Heading back to town, we hit Museum Island. It’s not often I’m gobsmacked, but the Babylonian Gate is astonishing.
What really interested me was the Neue Museum. And not because of anything in it. Once more, there were bullet holes. Where you see them, you have the original structure; where you don’t, it means that something bigger than a Russian bullet came crashing in.
Come the war, most of Museum Island’s treasures were stored in bunkers. After, most found their way back. However, the great treasures of the Neue Museum were the so called treasures of Priam. Like many of the treasures of archeology, they were in essence booty: my definition of early archeology is in essence a load of rich blokes going on holiday and nicking stuff. Priam’s treasures wee, in fact, the treasures of Mycenae. The man who believed he had gazed upon the face of Agamemnon was Heinrich Schliemann who, having seen it, nicked the lot.
In 1945, when the Russians hit town, as well as the ordinary Russian soldiers looting their way across Germany, so did the Soviet state. And Priam’s treasure was nowhere to be found. Well, it was somewhere: Moscow.
So much of Berlin is about what’s not there. After a meander through the Mitte, and two U-Bahn trains, we found ourselves in Ku’damm: Berlin’s shopping Strasse. But we headed to a nondescript and somewhat run down ’60s shopping centre. And a pretty average museum.
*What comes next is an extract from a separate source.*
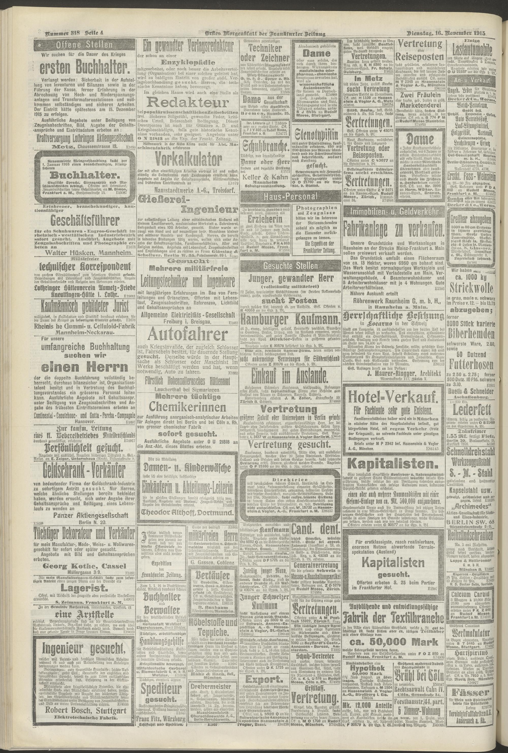 16.11.1915 = Nr. 318. Erstes Morgenblatt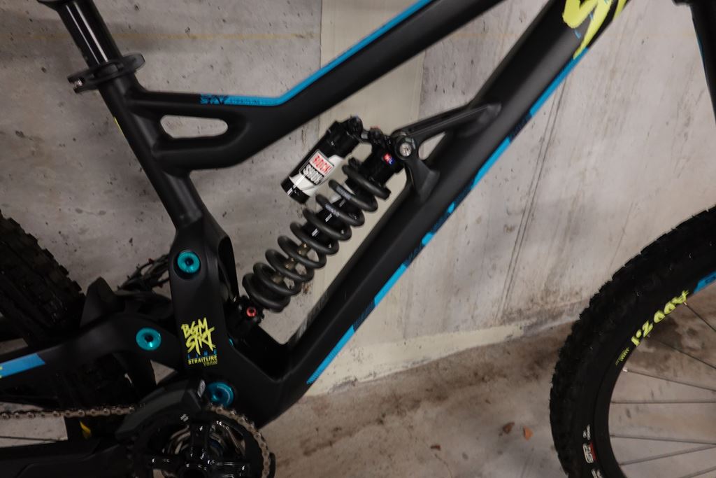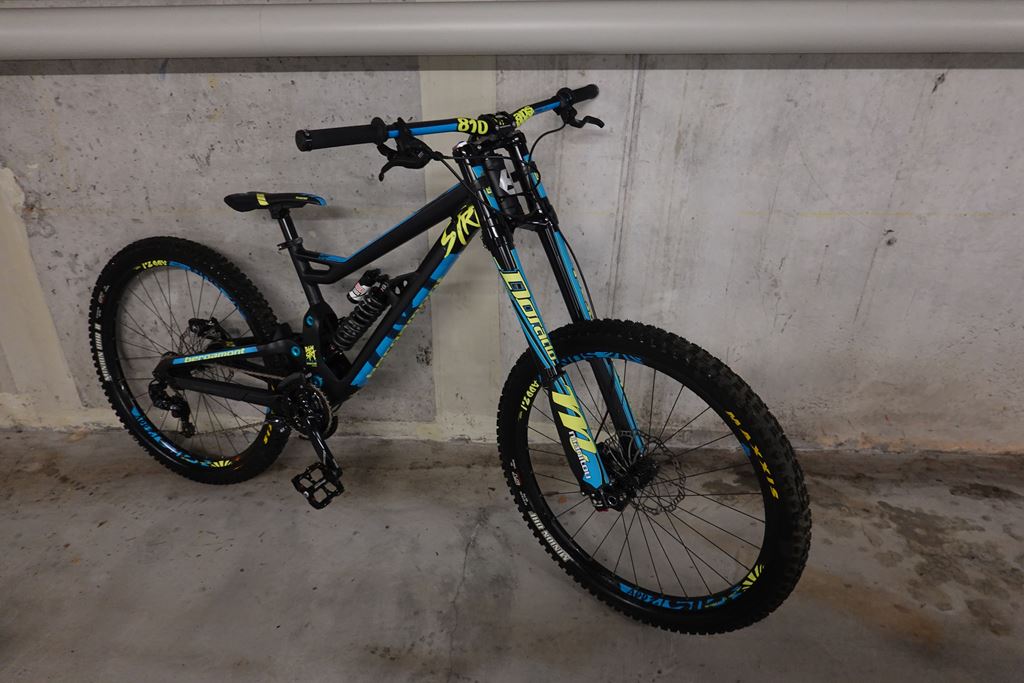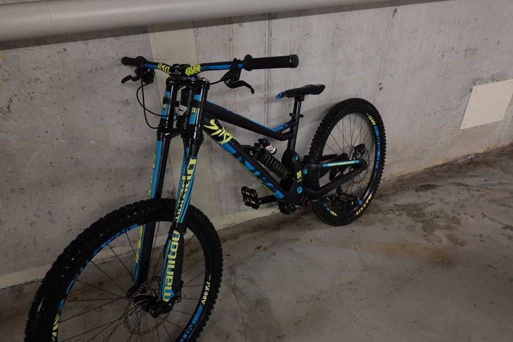 - Das Bike ist fast neuwertig und aus erster hand. Es wurde nur einige male im Park gefahren und stand dann leider nur rum. Besonderheit ist der Carbon Hinterbau. Die Bereifung wurde neu gemacht da die alten reifen nicht mehr gut sind. Rechnung ist auch noch vorhanden, bei interesse. Technische Daten: Rahmengrösse M Rahmen: 27.5" MTB, 6013 Aluminium Ultra Strong Rohrsatz, T4/T6, High Modulus Carbon Hinterbau, Progressive Link System, Flip Chip Geometry Fitting, einstellbare Kettenlinie, 3D-Forging, Federweg: 210 mm Gabel: Manitou Dorado Pro 27.5", 1 1/8", 200 mm, Luftfeder, IRT , Zugstufeneinstellung, Compression, 20 mm Achse Dämpfer: Rock Shox Vivid Coil R2C, Zugstufeneinstellung, Druckstufeneinstellung, Länge x Hub: 240x76 mm, Buchsen: 22x8 mm/16 mm Steuersatz: BGM sealed angular contact bearing, semi-integriert, ZS49/28.6/H8 | ZS49/30/K, ±1° HT angle adjust Schaltwerk: Sram RD GX1 DH, X-Horizon, 7-fach, medium cage Schalthebel: Sram SL GX-DH, 1x7-fach, Trigger-Shifter Bremsen: Magura MT5, hydraulische Scheibenbremse, Storm SL Rotor: 203/203 mm Kurbelsatz: Truvativ Descendant DH, 36t, X-SYNC, Länge: 165 mm Kettenführung: e*thirteen LG1, ISCG05, Stahl-Backplate, Bashguard, 32-36t Innenlager: Sram BB104,5, Press-Fit Lenker: Answer Pro Taper 810 DH, Riser Lenker, Kröpfung: 8°, Höhe: 12,7 mm, Breite: 810 mm Vorbau: Answer DH, Direct Mount, Al 7075, 4-bolt, 40-55 mm einstellbarer offset Sattelstütze: SDG I-Beam SP-751, 30.9 mm, Länge: 300 mm Sattel: SDG I-Fly Nabe: Vr/Hr Sun Ringle ADD 2.1, 27.5" Laufradsatz, Disc Kette: Sram CN PC-1051, 10-fach Kassette: Sram CS PG-720, 7-fach, 11-25t Speichen: Sun Ringle Felgen: Sun Ringle ADD 2.1, 27.5" Laufradsatz, Disc Bereifung: Vorne: Maxxis Minion DHF 27.5"x2,50 Hinten: Maxxis Minion DHRII 27.5"x2,40 Pedale: Reverse Escape Gewicht: ca. 17,2kg

The real interest was the multi-storey car park. Well, what was under it. So, no one fear: if a nuclear war breaks out, we’ll be OK. Well, would have been.
Head further on Ku’damm, and you would soon find KaDeWe, what was once the largest department store in the world. It was Jewish owned, so it was taken over by Nazis; then it was bombed.
En route is the Kaiser Wilhelm church. Well, a striking modern building this acts as both church and memorial. And, the bombed tower of the original. A fragment of the Berlin that survived.
Back at KaDeWe. In 1950, it being in the western sector, it reopened. 200,000 Berliners attended its reopening. When it came to socialism versus capitalism, the Berliners voted with their feet and their wallets or purses.
And there’s almost nothing left of the wall. Just down the street from our hostel is a kilometre or so long stretch of graffitied wall known as the East Side Gallery. It’s famous picture is of Brezhnev and Honecker snogging: God Help Me Survive This Deadly Love.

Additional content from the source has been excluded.